* **THE PROBLEM**: Reprint all of the data below exactly as shown and skip every image.

* **MATERIAL PROVIDED**:
Start of Block

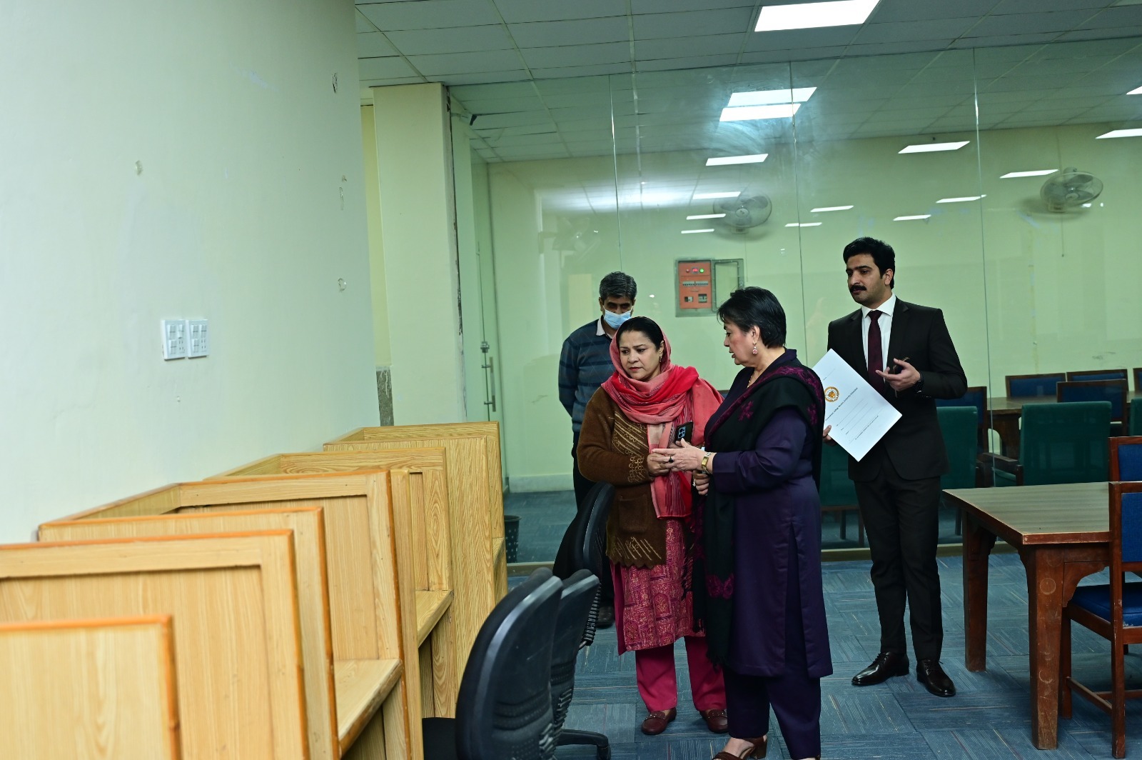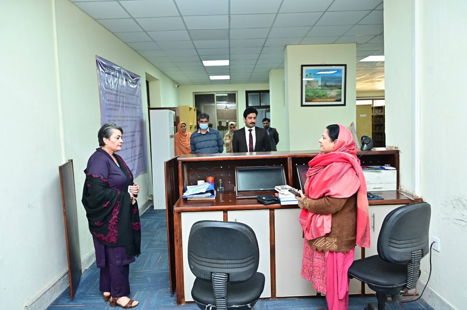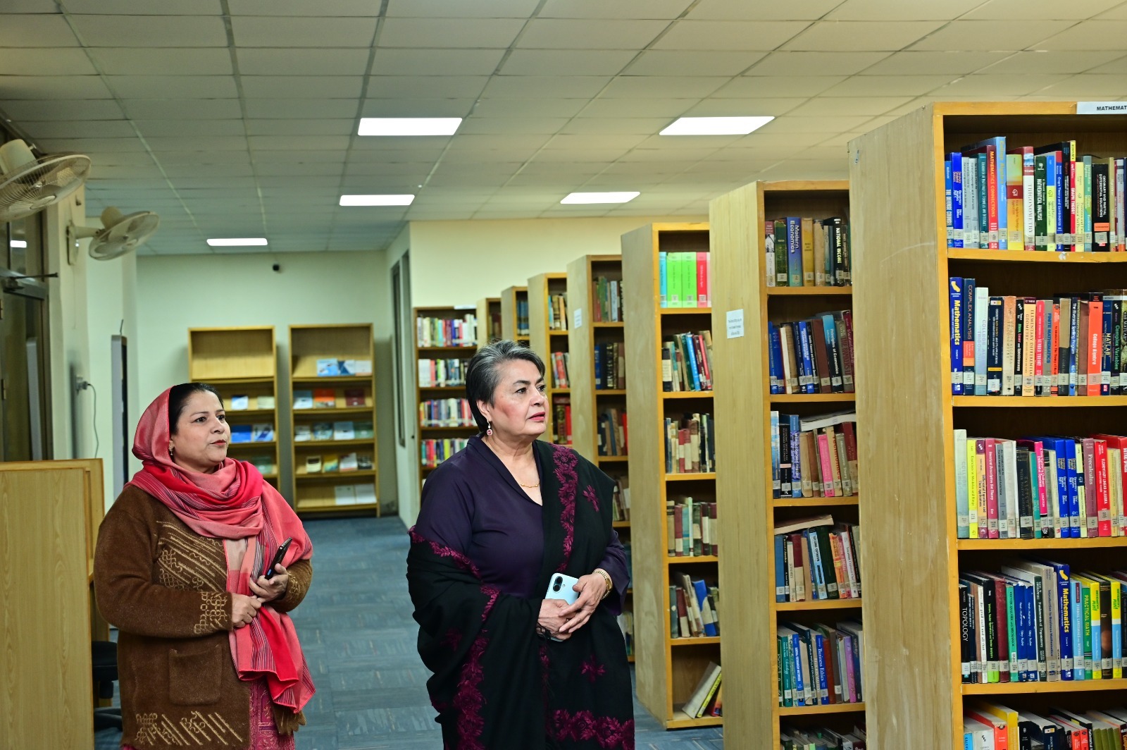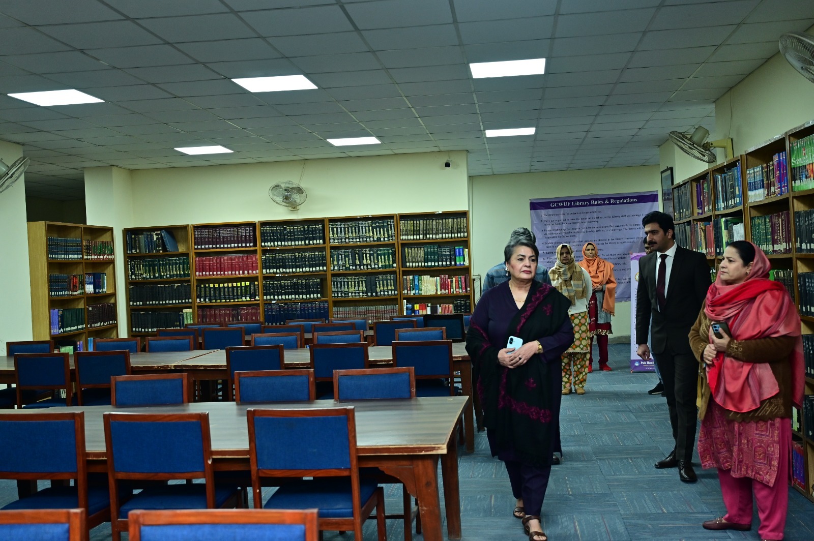 Vice Chancellor Visits Upgraded Learning Resource CenterÚVice Chancellor Prof. Dr. Kanwal Ameen (T.I.) visited the Learning Resource Center at GCWUF to review recently upgraded library facilities. She inspected key sections, including the Digital Library and Research Support & E-Resources, and was briefed on enhanced infrastructure, automation, and expanded access to e-databases.ÚAppreciating the LRC team, she emphasized need-based acquisitions, a balanced mix of print and e-resources, and investment in high-impact journals to further strengthen research and academic excellence.
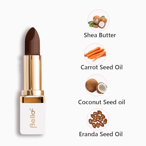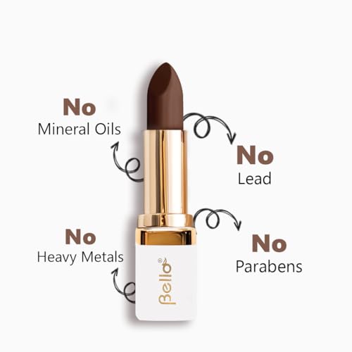 Bello Lipstick Natural & Matte Finish | Long-Lasting | Chemical-Free | Enriched with Shea Butter & Carrot Seed Oil | AYUSH Certified (Chocolate Dream, 4gm)
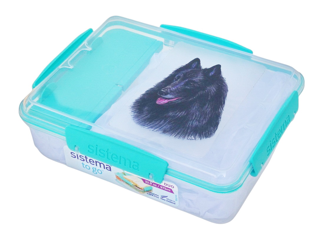 Novozélandská značka Sistema vyrábí svačinové boxy z nezávadného plastu, neobsahují ftaláty, ani BPA. Víčko se sundavá celé, k dóze jej spolehlivě přichytnou 4 plastové barevné klipy. Krabička je rozdělena na 3 části. Jedna větší část a 2 samostatné přihrádky s vlastními víčky v barvě klipu. Obrázek psích plemen je natištěn na velmi kvalitní čiré samolepce s matnou laminací. Box zatím nabízím v barvě klipu mint.

End of Block

* **ANSWER SECTION**:
 Vice Chancellor Visits Upgraded Learning Resource CenterÚVice Chancellor Prof. Dr. Kanwal Ameen (T.I.) visited the Learning Resource Center at GCWUF to review recently upgraded library facilities. She inspected key sections, including the Digital Library and Research Support & E-Resources, and was briefed on enhanced infrastructure, automation, and expanded access to e-databases.ÚAppreciating the LRC team, she emphasized need-based acquisitions, a balanced mix of print and e-resources, and investment in high-impact journals to further strengthen research and academic excellence.
 Bello Lipstick Natural & Matte Finish | Long-Lasting | Chemical-Free | Enriched with Shea Butter & Carrot Seed Oil | AYUSH Certified (Chocolate Dream, 4gm)
 Novozélandská značka Sistema vyrábí svačinové boxy z nezávadného plastu, neobsahují ftaláty, ani BPA. Víčko se sundavá celé, k dóze jej spolehlivě přichytnou 4 plastové barevné klipy. Krabička je rozdělena na 3 části. Jedna větší část a 2 samostatné přihrádky s vlastními víčky v barvě klipu. Obrázek psích plemen je natištěn na velmi kvalitní čiré samolepce s matnou laminací. Box zatím nabízím v barvě klipu mint.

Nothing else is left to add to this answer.